Continuing from the previous post (Learning to use OpenAI Gym) I explore how to create a neural network policy that can train our cart to balance the pole for a longer period of time compared to the simple hard coded policy. Using a simple network we should see an improvement my measuring the amount of consectutive steps that the pole can stay vertical.

Neural Network Policy

Use the import statements and plotting functions from the previous post

keras.backend.clear_session()
tf.random.set_seed(42)
np.random.rand(42)
#this is the observation space 
num_inputs = 4 


If changing the parameters of the model, make sure to clear session before retraining the model


model = keras.models.Sequential([
    keras.layers.Dense(20,activation="relu",input_shape=(num_inputs,)),
    keras.layers.Dense(5,activation="relu"),
    keras.layers.Dense(1,activation="sigmoid"),
])

model.summary()
Model: "sequential" 
_________________________________________________________________
Layer (type) Output Shape Param # =================================================================
dense (Dense) (None, 20) 100
dense_1 (Dense) (None, 5) 105
dense_2 (Dense) (None, 1) 6
=================================================================
Total params: 211
Trainable params: 211
Non-trainable params: 0
_________________________________________________________________

The input for our model is going to the environment’s observations: obs = [x,x,x,x] and the output will the action that is going to be taken by the cart (either 0 or 1).

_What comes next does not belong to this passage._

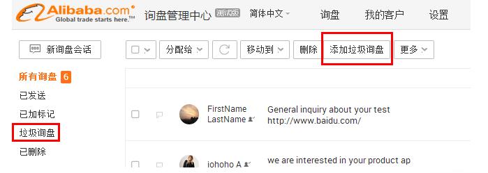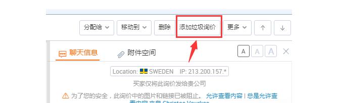 1. 垃圾詢(xún)盤(pán)(不匹配詢(xún)盤(pán)、廣告、釣魚(yú)、詐騙詢(xún)盤(pán)):操作建議是24小時(shí)內(nèi)在MA詢(xún)盤(pán)界面右上角點(diǎn)擊【添加垃圾詢(xún)價(jià)】,系統(tǒng)統(tǒng)計(jì)數(shù)據(jù)時(shí)會(huì)剔除。

Since there are only two possible actions, we only need one output neuron using the sigmoid activation function to represent the action that the cart will take. If there were more than two actions that we could take, then each action would be represented by a neuron and we would use the softmax activation function.

In the code below, we decide our action based on random probability. For example let’s say the randomly generated probability is .40 and the probability of going left generated by the model is 0.50. We have a statement below that compares these two probabilites. Since .40 > .50 is a false statement, we convert our boolean to the integer 0 and our action is to go left.

We make our decisions based on this random probability because we want to find the right balance between exploring new actions and exploiting actions that we already know work well. Imagine you go to a cafe and randomly select a coffee. If you like it, the probability that you order it again next time you go is increased. However, you shouldn’t increase that probability to 100% because there might be other coffees to try that are even better than the first.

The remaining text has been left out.